The researchers suggest that the H2 would move up to mix with air in the stratosphere, where it would oxidize to form water vapor. This would result in a cooling of the lower stratosphere and would also enhance the chemical practices that destroy ozone. A fourfold increase in the amount of H2 in the stratosphere would lead to a stratospheric temperature decrease of about 0.25 C and ozone depletion of around five percent. These effects would rise to a 1 decrease and over 15 percent depletion with a sevenfold increase in H2.

The researchers also suggest that an increase in water vapor in the mesosphere could lead to an increase in noctilucent clouds, potentially affecting the earths albedo.

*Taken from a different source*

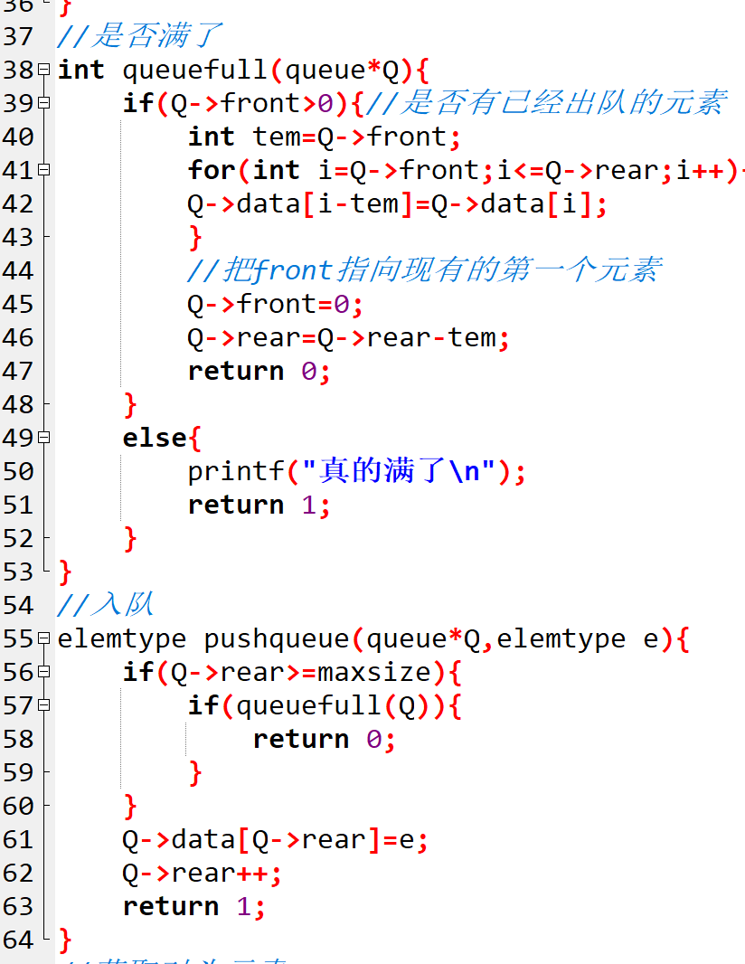 if(queuefull(Q)){ // 尝试搬移空间,若真满则返回0

Atmospheric Mercury Declining

A new study published in Geophysical Research Letters (May 22) has found that total gaseous mercury levels have declined since their peak in the early 1980s. Researchers at the Max Planck Institute for Chemistry measured mercury levels in eight locations in both hemispheres as well as eight trans-Atlantic cruises over the course of more than twenty years. The study found that total gaseous mercury levels have declined since their peak in the early 1980s.  The findings correlate well with earlier research that found decreasing levels of mercury deposition dating back as far as fifty years. 

The study called into question the reliability of mercury models, saying that either “the area of man-made to natural emissions (including re-emissions) has been underestimated or the natural emissions undergo large temporal variations.”  If the discrepancy were natural, it would indicate a far greater degree of natural fluctuation than previously believed.

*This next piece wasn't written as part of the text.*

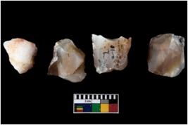 | Description / विवरण | Four worked utilised cores from which blades removed from almost all the sides. |

Where Have All the Flowers Gone?

A June 17 story in the Independent of London was headlined, “Global warming may wipe out a fifth of wild flower species, study warns.” The actual study (published in the Proceedings of the National Academy of Sciences), however, suggested rather less.

The scientists looked at the effects of increased temperature, CO2, precipitation, and nitrogen on a small patch of California meadow, divided into plots of approximately one square yard. They found that under certain conditions, including increases in all four factors, the average number of forb species in the plots (small flowering plants like buttercups) decreased from about 4 to 3.2 over three years. This did not mean that the plots became less diverse, however, as other plant species took their place, leading in some cases to an increase in biodiversity.

The studys authors acknowledged that not all areas would respond to the effects of climate change like California meadows, something that did not make it through to the Independents coverage.

Global Warming Caused Permian Mass Extinction, Researcher Warns

A new book from Michael Benton, head of earth sciences at Bristol University in England, suggests that the mass extinction at the end of the Permian era, 250 million years ago was caused by a global warming of about 6 C. When Life Nearly Died: The Greatest Mass Extinction of All Time suggests that a series of volcanic explosions caused a runaway greenhouse effect that led to the death of the vast majority of the species alive at the time.

Professor Benton told the Press Association: “The Permian crisis nearly marked the end of life. It’s estimated that fewer than one in 10 species survived. Geologists are only now coming to appreciate the severity of this global catastrophe and to understand how and why so many species died out so quickly.”

An advisor on the science behind the award-winning TV series Walking with Dinosaurs, Professor Benton is also the author of the Encyclopedia of Awesome Dinosaurs. (Sydney Morning Herald, June 20).

Earth Greening Rapidly Since 1980

Something remarkable happened between 1980 and 2000. Researchers from a variety of institutions published a study, funded by NASA and the Department of Energy, in the June 6 issue of Science that found that, “Global changes in climate have eased several critical climatic constraints to plant growth, such that net primary production increased 6% globally.” The Amazon rain forests accounted for 42 percent of the observed increase in plant growth.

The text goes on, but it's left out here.